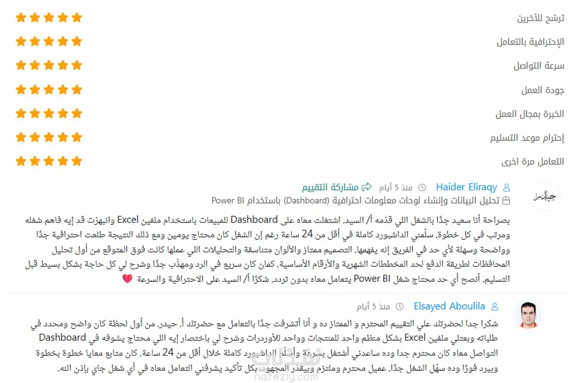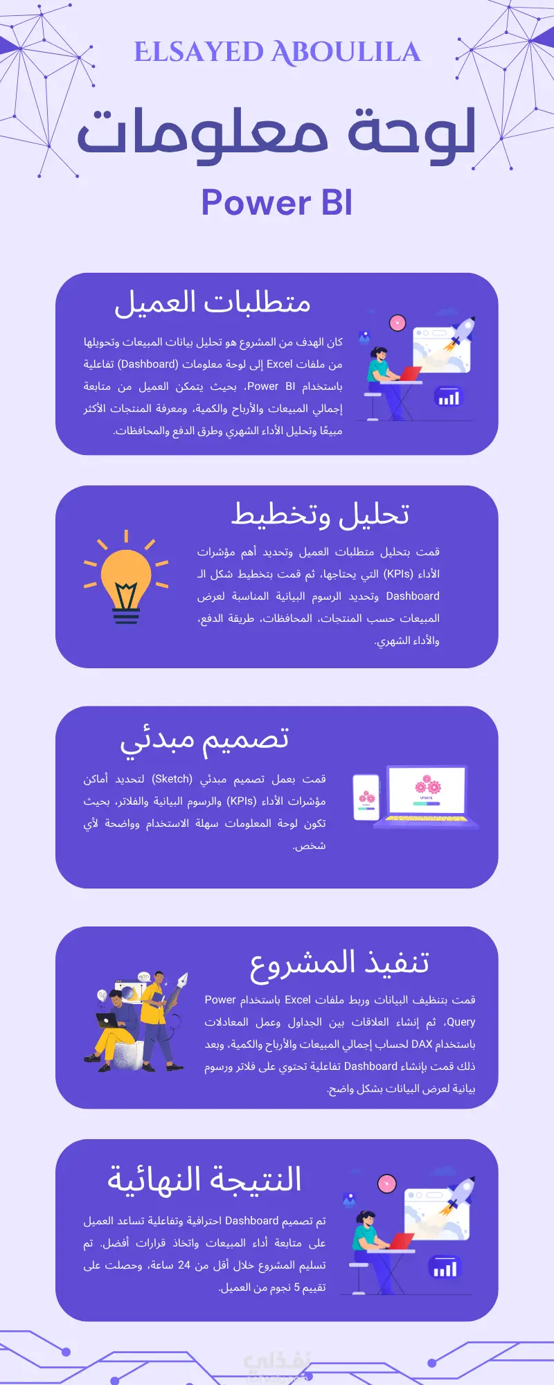 قمت بالعمل على مشروع تحليل بيانات مبيعات لأحد العملاء، حيث كان الهدف هو تحويل بيانات المبيعات من ملفات Excel إلى Dashboard تفاعلية باستخدام Power BI لمساعدة العميل على متابعة أداء المبيعات واتخاذ قرارات أفضل. قمت بتنظيف البيانات باستخدام Power Query وربط أكثر من ملف Excel معًا، ثم قمت بإنشاء العلاقات بين الجداول وبناء مؤشرات الأداء (KPIs) باستخدام DAX مثل: 1- إجمالي المبيعات 2- إجمالي الأرباح 3- إجمالي الكمية كما قمت بإنشاء رسوم بيانية لعرض: 1- المنتجات الأكثر مبيعًا 2- المبيعات حسب المدينة 3- المبيعات حسب طريقة الدفع 4- تحليل الأداء الشهري مهارات متعلقة بالعمل: 1- Power BI 2- Excel 3- Data Analysis 4- Data Visualization 5- Dashboard 6- Power Query 7- DAX 8- Business Intelligence تم تصميم Dashboard بشكل احترافي وبسيط ليسهل على العميل استخدامه، وقد تم تسليم المشروع خلال أقل من 24 ساعة وحصلت على تقييم 5 نجوم من العميل.
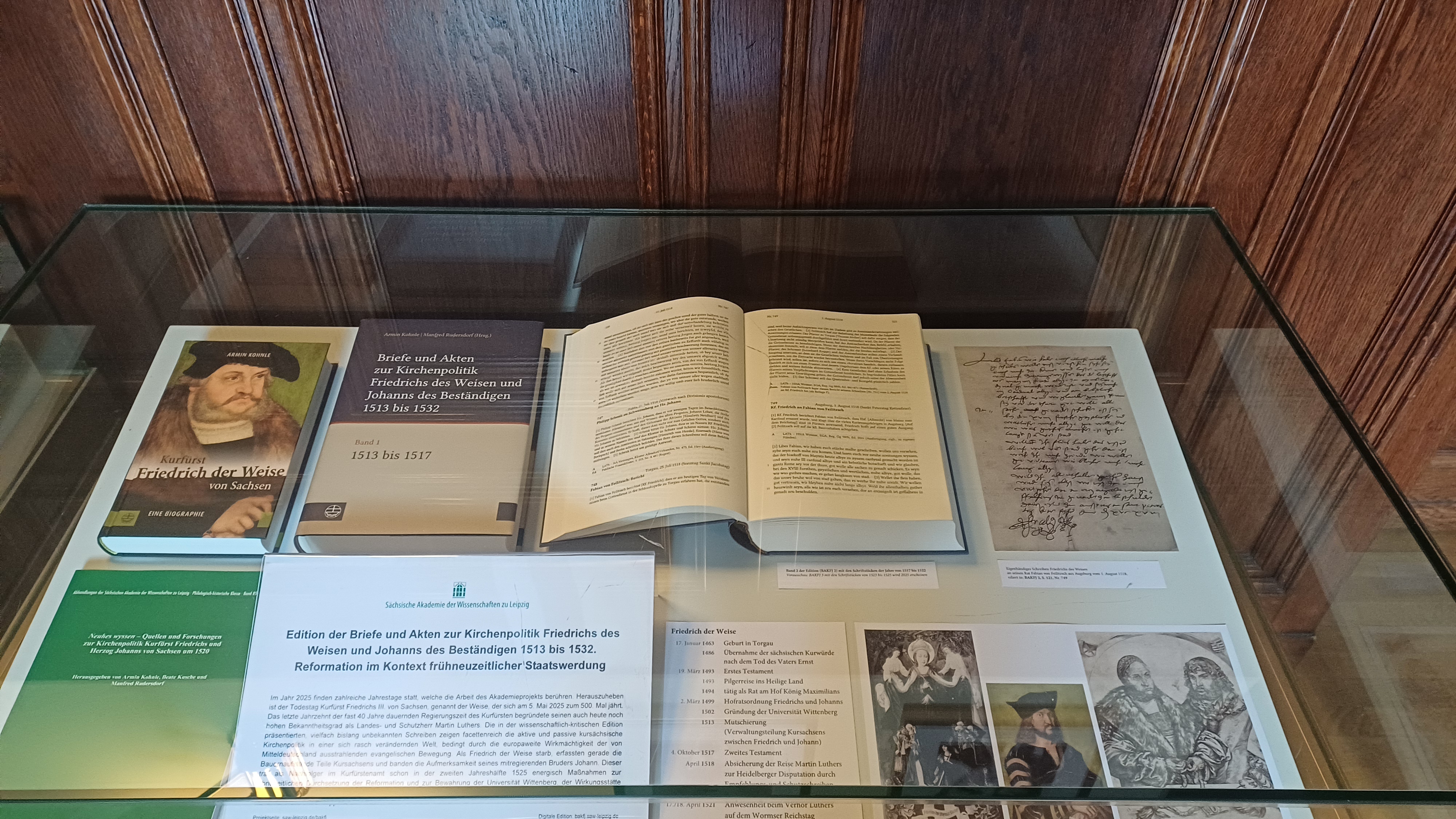 Auch auf vielfältige andere Weise widmet sich das Projekt dieser Tage dem Gedenken an Kurfürst Friedrich: Im Foyer der Sächsischen Akademie der Wissenschaften in der Karl-Tauchnitz-Straße 1 ist eine Vitrine zu seinen Ehren zu sehen. Der Projektleiter Prof. Dr. Armin Kohnle wird am 11. Mai, um 10 Uhr in einem Gedenkgottesdienst für Friedrich den Weisen in der Wittenberger Schlosskirche predigen. Um 14 Uhr stellt er in der benachbarten Reformationsgeschichtlichen Forschungsbibliothek seine jüngst bei der Evangelischen Verlagsanstalt erschiene Biografie Friedrichs des Weisen vor. Last but not least wird noch im Jubiläumsjahr 2025 der dritte Band unserer Edition erscheinen, der die Jahre 1523 bis 1525 umfasst und somit auch Quellenstücke bietet, die den Tod Kurfürst Friedrichs und den Übergang der Regierung an seinen jüngeren Bruder Johann thematisieren.
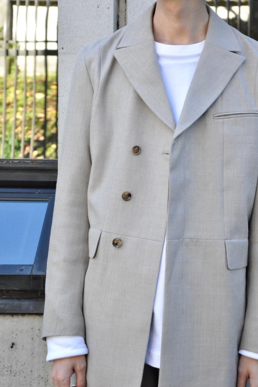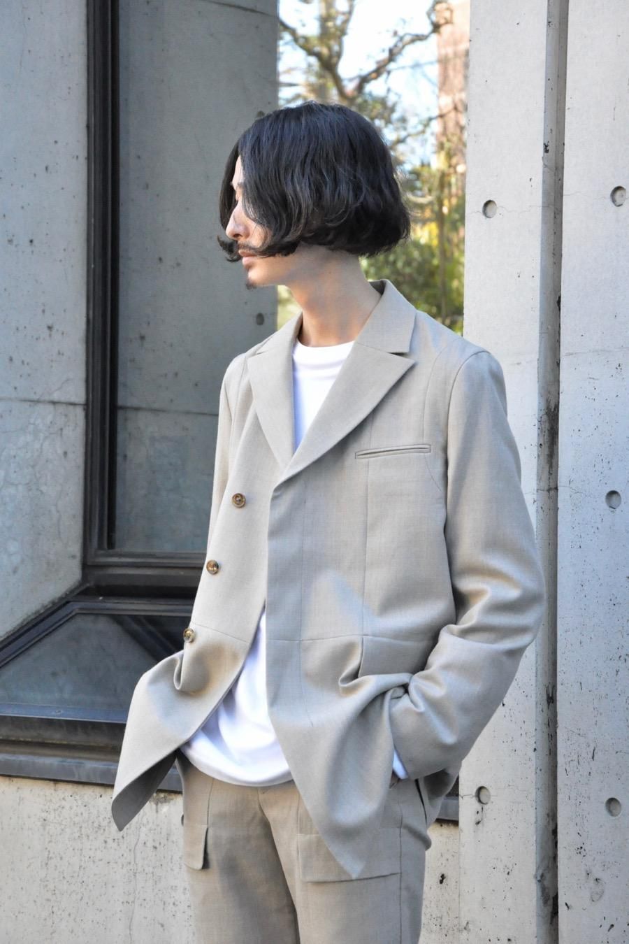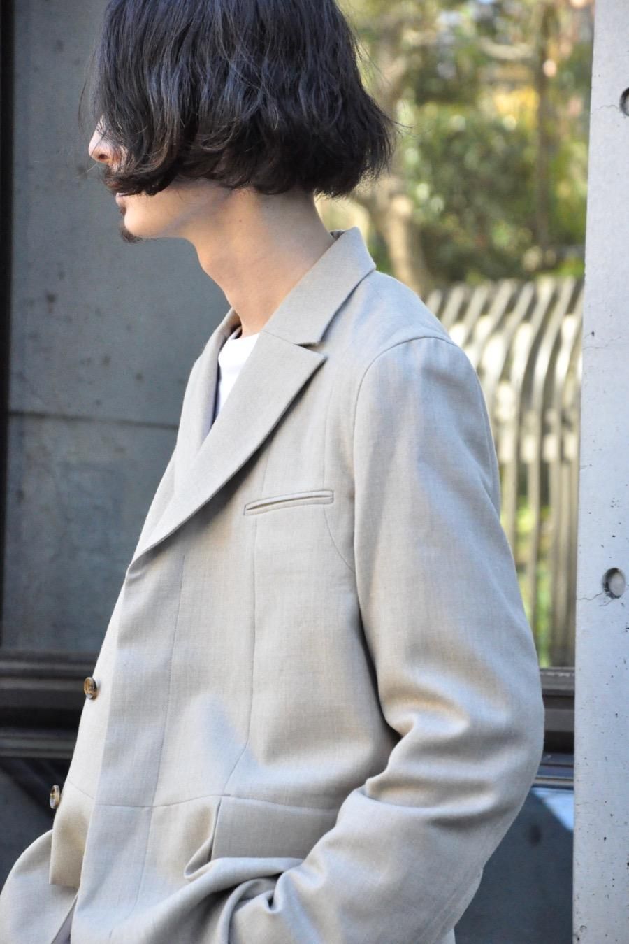 比翼仕立てにしたダブルジャケット。 フラップを兼ねたヨークによって、前身頃をスッキリとさせています。 後ろ身頃にはダーツを施し、シェイプをさせ、深くベントをとっています。 タイト~ジャストなサイズ、ややロングの丈。 生地には綾目の強いウールを使用し、立体的なシルエットを作っています。
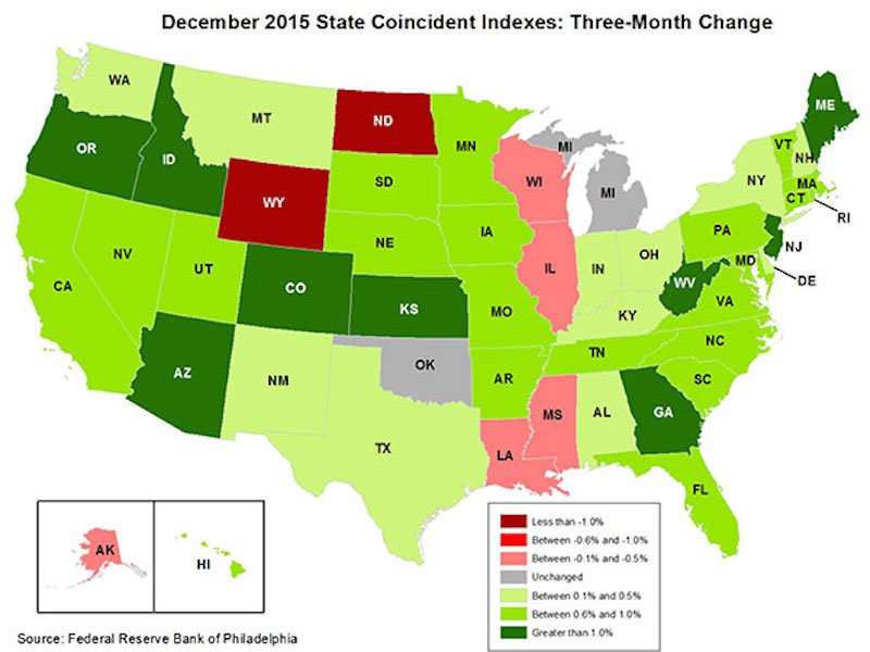 As the Philly Fed’s latest coincident indexes survey shows, seven states — North Dakota, Alaska, Wyoming, Wisconsin, Illinois, Louisiana, and Mississippi — saw economic activity contract during the three months that ended in December.
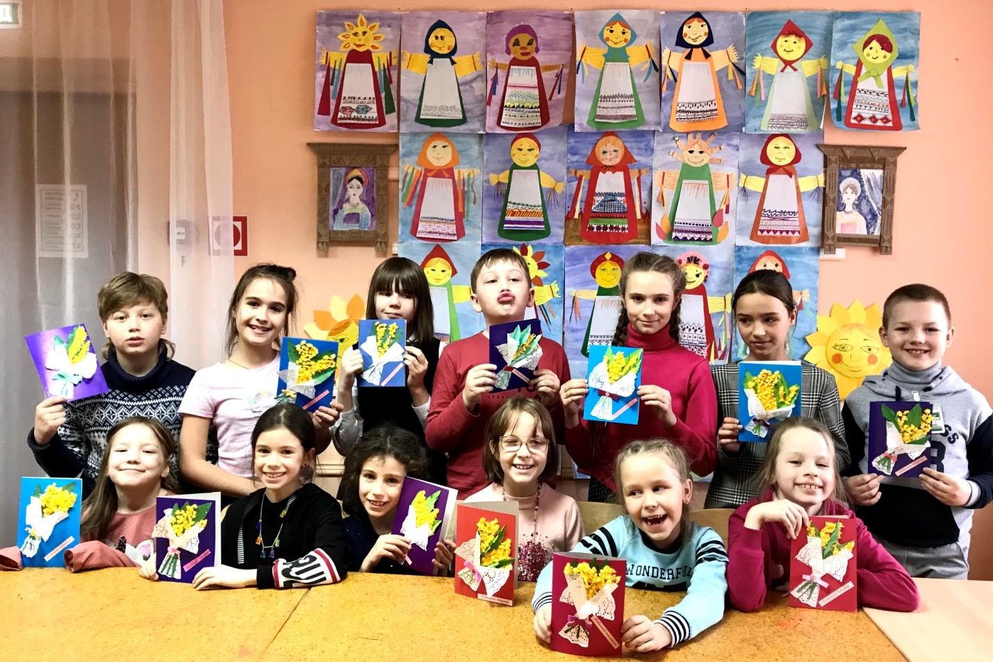 Холода еще не отступили, мороз кусается, но зиму мы весело провожаем. Масленицу по обычаю празднуют все, чтобы год был радостнее, удачнее и сытнее. Блинами и играми «умасливаем», упрашиваем солнышко быть ярче, добрее и веселее. В этом году совпали праздники 8 Марта и Масленица, но подснежники еще не распустились, поэтому для любимых мамочек дети приготовили отличные открытки с букетом мимозы и теплыми словами.
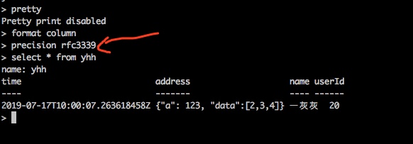 直接输入: precision rfc3339
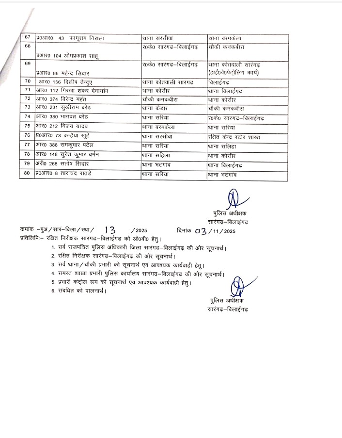Big Breaking : सारंगढ़ बिलाईगढ़ जिले में पुलिस विभाग में बड़ा फेरबदल…80 पुलिस कर्मियों का तबादला…देखे पूरी लिस्ट…
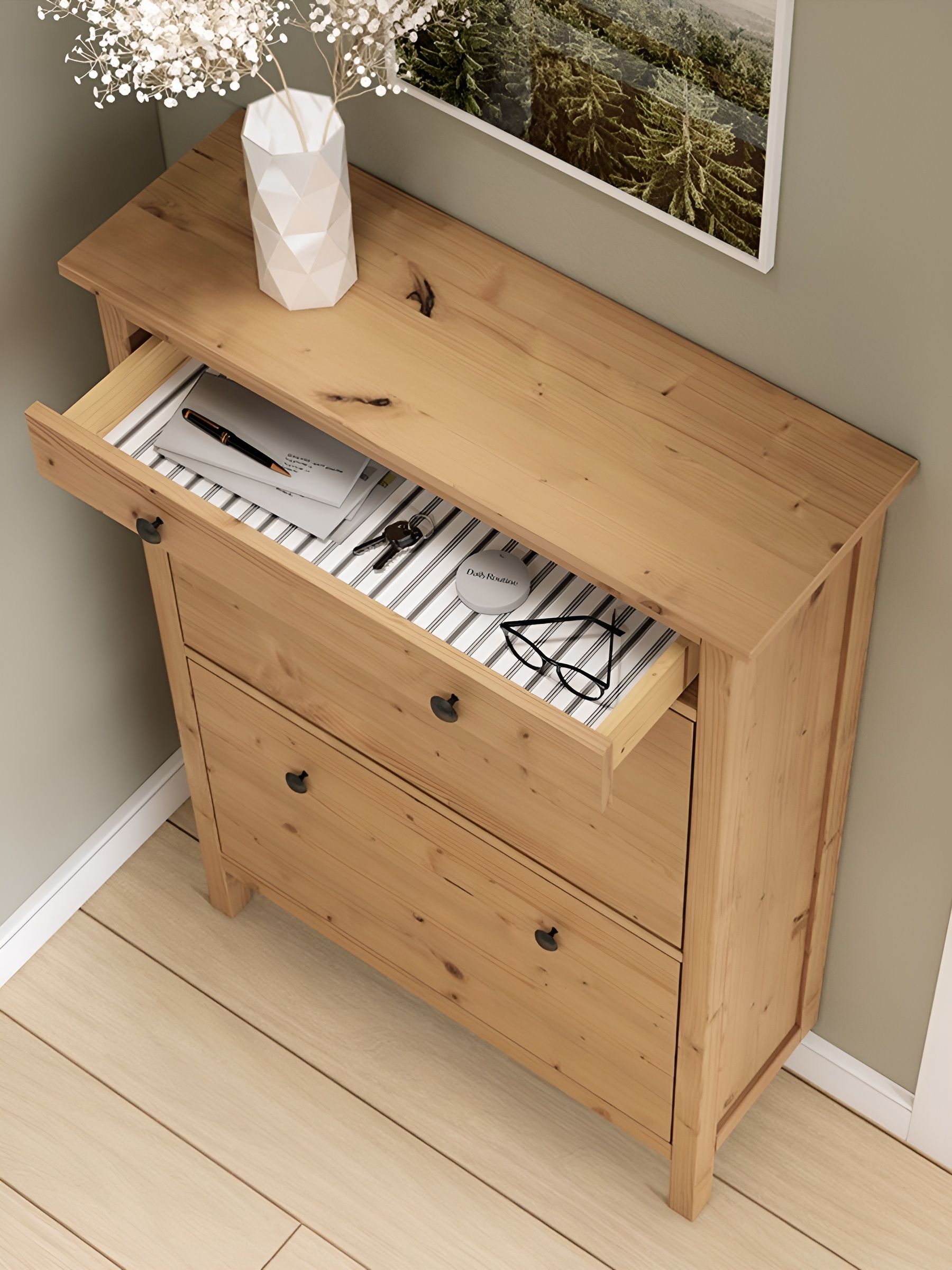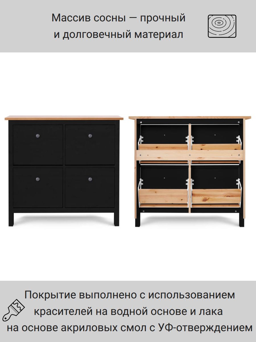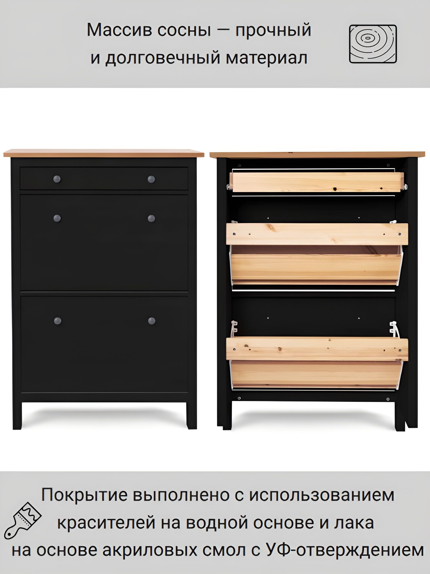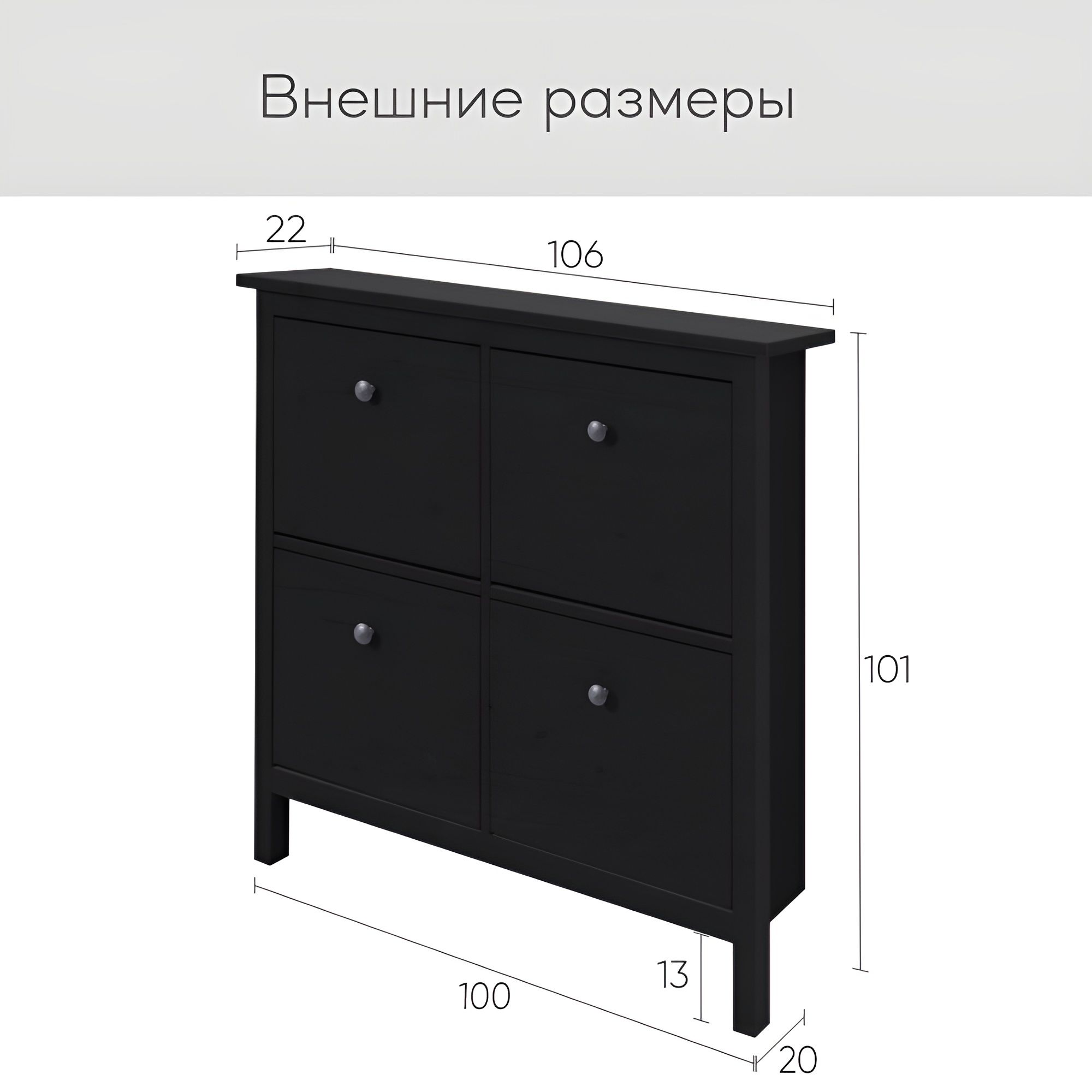 HEMNES – это известная серийная линия мебели от IKEA, которая славится своей прочностью и долговечностью. Обувница не только удобна в использовании, но и проста в уходе: гладкая поверхность легко очищается от пыли и грязи. Стильный дизайн и качественные материалы обеспечивают долговечность, а продуманная конструкция делает её идеальной для размещения различных типов обуви.

▶ **EXERCISE REQUIREMENTS**
Output the records verbatim, every one of them, and keep the pictures out.

▶ **ANSWER FOR THIS EXERCISE**
 قمت بالعمل على مشروع تحليل بيانات مبيعات لأحد العملاء، حيث كان الهدف هو تحويل بيانات المبيعات من ملفات Excel إلى Dashboard تفاعلية باستخدام Power BI لمساعدة العميل على متابعة أداء المبيعات واتخاذ قرارات أفضل. قمت بتنظيف البيانات باستخدام Power Query وربط أكثر من ملف Excel معًا، ثم قمت بإنشاء العلاقات بين الجداول وبناء مؤشرات الأداء (KPIs) باستخدام DAX مثل: 1- إجمالي المبيعات 2- إجمالي الأرباح 3- إجمالي الكمية كما قمت بإنشاء رسوم بيانية لعرض: 1- المنتجات الأكثر مبيعًا 2- المبيعات حسب المدينة 3- المبيعات حسب طريقة الدفع 4- تحليل الأداء الشهري مهارات متعلقة بالعمل: 1- Power BI 2- Excel 3- Data Analysis 4- Data Visualization 5- Dashboard 6- Power Query 7- DAX 8- Business Intelligence تم تصميم Dashboard بشكل احترافي وبسيط ليسهل على العميل استخدامه، وقد تم تسليم المشروع خلال أقل من 24 ساعة وحصلت على تقييم 5 نجوم من العميل.
 Auch auf vielfältige andere Weise widmet sich das Projekt dieser Tage dem Gedenken an Kurfürst Friedrich: Im Foyer der Sächsischen Akademie der Wissenschaften in der Karl-Tauchnitz-Straße 1 ist eine Vitrine zu seinen Ehren zu sehen. Der Projektleiter Prof. Dr. Armin Kohnle wird am 11. Mai, um 10 Uhr in einem Gedenkgottesdienst für Friedrich den Weisen in der Wittenberger Schlosskirche predigen. Um 14 Uhr stellt er in der benachbarten Reformationsgeschichtlichen Forschungsbibliothek seine jüngst bei der Evangelischen Verlagsanstalt erschiene Biografie Friedrichs des Weisen vor. Last but not least wird noch im Jubiläumsjahr 2025 der dritte Band unserer Edition erscheinen, der die Jahre 1523 bis 1525 umfasst und somit auch Quellenstücke bietet, die den Tod Kurfürst Friedrichs und den Übergang der Regierung an seinen jüngeren Bruder Johann thematisieren.
 比翼仕立てにしたダブルジャケット。 フラップを兼ねたヨークによって、前身頃をスッキリとさせています。 後ろ身頃にはダーツを施し、シェイプをさせ、深くベントをとっています。 タイト~ジャストなサイズ、ややロングの丈。 生地には綾目の強いウールを使用し、立体的なシルエットを作っています。
 As the Philly Fed’s latest coincident indexes survey shows, seven states — North Dakota, Alaska, Wyoming, Wisconsin, Illinois, Louisiana, and Mississippi — saw economic activity contract during the three months that ended in December.
 Холода еще не отступили, мороз кусается, но зиму мы весело провожаем. Масленицу по обычаю празднуют все, чтобы год был радостнее, удачнее и сытнее. Блинами и играми «умасливаем», упрашиваем солнышко быть ярче, добрее и веселее. В этом году совпали праздники 8 Марта и Масленица, но подснежники еще не распустились, поэтому для любимых мамочек дети приготовили отличные открытки с букетом мимозы и теплыми словами.
 直接输入: precision rfc3339
Big Breaking : सारंगढ़ बिलाईगढ़ जिले में पुलिस विभाग में बड़ा फेरबदल…80 पुलिस कर्मियों का तबादला…देखे पूरी लिस्ट…
 HEMNES – это известная серийная линия мебели от IKEA, которая славится своей прочностью и долговечностью. Обувница не только удобна в использовании, но и проста в уходе: гладкая поверхность легко очищается от пыли и грязи. Стильный дизайн и качественные материалы обеспечивают долговечность, а продуманная конструкция делает её идеальной для размещения различных типов обуви.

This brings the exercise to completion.